O Ministério da Saúde revogou, na terça-feira (16), seis portarias assinadas pelo governo Jair Bolsonaro que, de acordo com a pasta, contrariavam diretrizes do SUS (Sistema Único de Saúde). Entre as portarias revogadas, está a que previa (Portaria nº 2.561) a necessidade da equipe médica notificar a autoridade policial em caso de aborto por estupro.
Publicada em setembro de 2020, essa portaria dificultava a realização do aborto legal em casos previstos em lei. O texto tornava o processo mais burocrático e penoso determinando quatro etapas para o procedimento: o relato da vítima perante profissionais da saúde; depois, a elaboração de um parecer técnico com a assinatura de três integrantes da equipe médica; assinatura de um termo de responsabilidade pela vítima; e, por fim, a assinatura da vítima em um novo termo de consentimento. Em uma das etapas, a portaria previa que os médicos informassem sobre a possibilidade de visualização do feto ou embrião por meio de ultrassonografia.
Na ocasião, entidades da sociedade civil manifestaram preocupação com a portaria, classificando-a como violadora dos direitos sexuais e reprodutivos.
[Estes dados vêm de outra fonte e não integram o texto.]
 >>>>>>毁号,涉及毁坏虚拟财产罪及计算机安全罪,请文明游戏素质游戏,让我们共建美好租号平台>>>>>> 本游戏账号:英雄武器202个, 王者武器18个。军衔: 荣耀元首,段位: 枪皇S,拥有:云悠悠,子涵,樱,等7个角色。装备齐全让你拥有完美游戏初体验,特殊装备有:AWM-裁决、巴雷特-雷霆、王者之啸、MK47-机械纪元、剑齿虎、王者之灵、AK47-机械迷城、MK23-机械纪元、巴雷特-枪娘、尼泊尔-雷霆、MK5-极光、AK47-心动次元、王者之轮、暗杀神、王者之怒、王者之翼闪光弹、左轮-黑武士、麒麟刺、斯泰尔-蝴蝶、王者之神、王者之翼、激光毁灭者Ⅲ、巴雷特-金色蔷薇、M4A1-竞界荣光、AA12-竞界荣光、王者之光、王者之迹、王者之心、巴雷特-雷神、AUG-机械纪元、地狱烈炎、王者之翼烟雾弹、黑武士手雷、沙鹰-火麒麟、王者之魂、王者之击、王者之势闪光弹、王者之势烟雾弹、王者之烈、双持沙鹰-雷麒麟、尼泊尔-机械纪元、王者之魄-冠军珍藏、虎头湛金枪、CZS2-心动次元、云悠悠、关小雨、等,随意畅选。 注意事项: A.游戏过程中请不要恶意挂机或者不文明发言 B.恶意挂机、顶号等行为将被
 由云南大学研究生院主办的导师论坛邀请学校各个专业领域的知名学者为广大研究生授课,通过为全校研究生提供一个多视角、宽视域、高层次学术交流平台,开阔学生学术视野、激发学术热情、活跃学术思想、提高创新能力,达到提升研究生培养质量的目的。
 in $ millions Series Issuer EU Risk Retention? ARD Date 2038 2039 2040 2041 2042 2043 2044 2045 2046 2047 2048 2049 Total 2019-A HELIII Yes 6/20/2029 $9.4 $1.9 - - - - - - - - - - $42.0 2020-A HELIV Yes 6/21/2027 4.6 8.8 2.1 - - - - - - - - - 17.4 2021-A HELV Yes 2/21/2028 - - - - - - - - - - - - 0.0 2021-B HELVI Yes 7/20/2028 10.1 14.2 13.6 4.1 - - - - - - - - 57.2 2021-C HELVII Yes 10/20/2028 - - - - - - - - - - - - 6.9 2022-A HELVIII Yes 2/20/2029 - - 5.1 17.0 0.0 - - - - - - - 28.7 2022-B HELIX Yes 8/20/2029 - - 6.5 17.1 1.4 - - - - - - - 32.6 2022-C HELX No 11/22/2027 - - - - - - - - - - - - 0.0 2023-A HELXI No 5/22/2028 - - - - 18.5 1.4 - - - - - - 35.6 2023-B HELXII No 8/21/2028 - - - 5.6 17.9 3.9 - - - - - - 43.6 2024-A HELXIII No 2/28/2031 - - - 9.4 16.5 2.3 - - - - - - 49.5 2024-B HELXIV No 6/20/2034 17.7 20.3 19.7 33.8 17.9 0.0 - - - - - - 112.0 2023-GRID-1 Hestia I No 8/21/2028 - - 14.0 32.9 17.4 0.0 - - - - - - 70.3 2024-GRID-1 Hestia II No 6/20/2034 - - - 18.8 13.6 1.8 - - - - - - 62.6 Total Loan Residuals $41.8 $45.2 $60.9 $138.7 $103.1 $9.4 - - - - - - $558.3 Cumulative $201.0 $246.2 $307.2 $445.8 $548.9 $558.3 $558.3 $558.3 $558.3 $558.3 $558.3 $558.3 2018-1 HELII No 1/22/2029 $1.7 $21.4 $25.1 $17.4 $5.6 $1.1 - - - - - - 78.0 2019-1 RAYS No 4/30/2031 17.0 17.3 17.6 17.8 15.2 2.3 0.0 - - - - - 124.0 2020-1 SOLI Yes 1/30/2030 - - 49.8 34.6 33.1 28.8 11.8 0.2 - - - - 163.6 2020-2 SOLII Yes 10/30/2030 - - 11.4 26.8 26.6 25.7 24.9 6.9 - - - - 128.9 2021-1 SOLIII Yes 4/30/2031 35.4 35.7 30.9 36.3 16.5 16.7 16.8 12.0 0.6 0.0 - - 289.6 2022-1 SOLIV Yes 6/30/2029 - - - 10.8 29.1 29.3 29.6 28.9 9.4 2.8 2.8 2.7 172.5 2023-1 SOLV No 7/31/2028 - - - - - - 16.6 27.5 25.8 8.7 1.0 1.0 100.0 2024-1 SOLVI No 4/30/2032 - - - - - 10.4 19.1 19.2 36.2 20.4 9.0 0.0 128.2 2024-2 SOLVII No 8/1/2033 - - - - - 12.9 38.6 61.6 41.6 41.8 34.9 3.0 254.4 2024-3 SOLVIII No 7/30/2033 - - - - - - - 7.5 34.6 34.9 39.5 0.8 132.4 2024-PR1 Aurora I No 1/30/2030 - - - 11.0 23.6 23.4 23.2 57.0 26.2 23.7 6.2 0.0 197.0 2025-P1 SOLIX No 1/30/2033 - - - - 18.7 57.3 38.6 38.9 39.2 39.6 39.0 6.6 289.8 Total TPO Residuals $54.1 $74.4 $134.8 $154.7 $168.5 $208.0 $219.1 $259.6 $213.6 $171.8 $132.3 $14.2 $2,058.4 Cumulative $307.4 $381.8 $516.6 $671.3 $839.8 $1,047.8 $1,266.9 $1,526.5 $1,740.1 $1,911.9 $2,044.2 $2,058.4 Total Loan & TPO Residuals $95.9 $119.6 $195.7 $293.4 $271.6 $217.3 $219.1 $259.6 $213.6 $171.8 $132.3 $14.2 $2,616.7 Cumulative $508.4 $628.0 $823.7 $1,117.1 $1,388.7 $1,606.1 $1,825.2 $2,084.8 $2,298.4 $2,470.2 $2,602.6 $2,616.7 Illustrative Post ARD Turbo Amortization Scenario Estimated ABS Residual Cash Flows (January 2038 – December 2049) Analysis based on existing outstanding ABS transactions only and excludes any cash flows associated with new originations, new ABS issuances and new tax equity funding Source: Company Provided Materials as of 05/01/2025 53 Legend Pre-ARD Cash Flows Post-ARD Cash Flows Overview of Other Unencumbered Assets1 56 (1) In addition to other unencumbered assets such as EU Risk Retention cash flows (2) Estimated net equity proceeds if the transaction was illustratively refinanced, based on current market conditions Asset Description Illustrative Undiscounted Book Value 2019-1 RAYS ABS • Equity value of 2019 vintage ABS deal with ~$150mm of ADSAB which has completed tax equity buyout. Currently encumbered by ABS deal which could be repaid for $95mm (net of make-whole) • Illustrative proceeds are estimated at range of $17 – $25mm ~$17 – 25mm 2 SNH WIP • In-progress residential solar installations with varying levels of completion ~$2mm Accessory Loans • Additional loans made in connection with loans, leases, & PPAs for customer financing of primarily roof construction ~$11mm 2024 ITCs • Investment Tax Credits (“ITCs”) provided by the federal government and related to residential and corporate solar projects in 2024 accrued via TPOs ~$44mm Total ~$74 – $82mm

O caso chegou a ser discutido pelo STF (Supremo Tribunal Federal) em uma ação proposta (ADPF 737) por cinco partidos políticos e com a participação de organizações de direitos humanos na condição de amicus curiae, incluindo a Conectas.
Agora, volta a vigorar uma norma de 2017 sobre a interrupção da gravidez, que prevê um protocolo técnico para a realização do procedimento pelo SUS. “A portaria revogada feria a autonomia de mulheres e meninas vítimas de violência sexual em nosso país. O SUS tem que ser um ambiente acolhedor para essas pessoas, e principalmente, garantidor de direitos”, afirma a advogada Raissa Belintani, coordenadora do Programa de Fortalecimento do Espaço Democrácito da Conectas.
Em seu discurso de posse no início de janeiro, a ministra da Saúde, Nísia Trindade, já havia sinalizado a revisão de medidas que ofendessem as ciências e os direitos humanos. De acordo com a pasta, todas essas normas anuladas não haviam sido pactuadas com representantes do Conass (Conselho Nacional de Secretários de Saúde) e do Conasems (Conselho Nacional de Secretarias Municipais de Saúde). “A falta de transparência, diálogo e definições conjuntas entre União, estados e municípios é totalmente contrária aos preceitos básicos do SUS, que determinam uma gestão compartilhada do sistema de saúde brasileiro.”